- [INSTRUCTIONS FOR THE TASK]:
Could you repeat the listing exactly, leaving out the pictures?

- [SOURCE MATERIAL]:
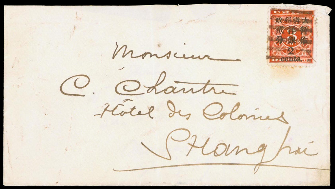 2c. on 3c., cancelled by Chefoo pakua, matching "Customs/Chefoo" origin c.d.s. on reverse, also with "Customs/Shanghai" arrival c.d.s.,very fine. With 2013 certificate. Photo
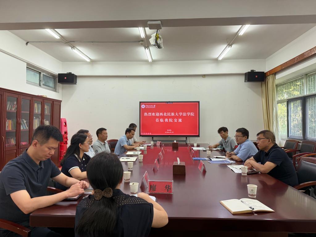 鄧行代表學(xué)院對(duì)王天雁一行的到訪表示熱烈歡迎。他表示,兩院作為兄弟院校,關(guān)系密切、淵源深厚,應(yīng)進(jìn)一步拓展交流領(lǐng)域、深化合作層次,共同致力于法律人才培養(yǎng)和民族地區(qū)法治建設(shè),為實(shí)現(xiàn)新時(shí)代依法治理民族事務(wù)高質(zhì)量發(fā)展貢獻(xiàn)力量。
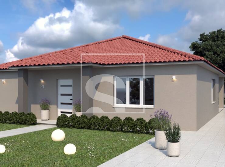 Kuća se nalazi na zemljištu površine 634m2, koncipirana je kao samostojeća prizemnica te je ukupne neto stambene površine 154m2. Sastoji se od ulaznog prostora koji povezuje sve dijelove kuće te u kojem se nalazi praktično spremište te tehnička prostorija, središnji dio čini otvoreni koncept dnevnog boravka, blagovaonice i kuhinje (open space) s izlazom na natkrivenu terasu te bazen. U kući nalaze se još i tri komotne i udobne spavaće sobe te dvije moderno opremljene kupaonice. Glavna spavaća soba, odnosno master soba ima vlastitu kupaonicu.

- [SOLUTION FOR THIS PROBLEM]:
 2c. on 3c., cancelled by Chefoo pakua, matching "Customs/Chefoo" origin c.d.s. on reverse, also with "Customs/Shanghai" arrival c.d.s.,very fine. With 2013 certificate. Photo
 鄧行代表學(xué)院對(duì)王天雁一行的到訪表示熱烈歡迎。他表示,兩院作為兄弟院校,關(guān)系密切、淵源深厚,應(yīng)進(jìn)一步拓展交流領(lǐng)域、深化合作層次,共同致力于法律人才培養(yǎng)和民族地區(qū)法治建設(shè),為實(shí)現(xiàn)新時(shí)代依法治理民族事務(wù)高質(zhì)量發(fā)展貢獻(xiàn)力量。
 Kuća se nalazi na zemljištu površine 634m2, koncipirana je kao samostojeća prizemnica te je ukupne neto stambene površine 154m2. Sastoji se od ulaznog prostora koji povezuje sve dijelove kuće te u kojem se nalazi praktično spremište te tehnička prostorija, središnji dio čini otvoreni koncept dnevnog boravka, blagovaonice i kuhinje (open space) s izlazom na natkrivenu terasu te bazen. U kući nalaze se još i tri komotne i udobne spavaće sobe te dvije moderno opremljene kupaonice. Glavna spavaća soba, odnosno master soba ima vlastitu kupaonicu.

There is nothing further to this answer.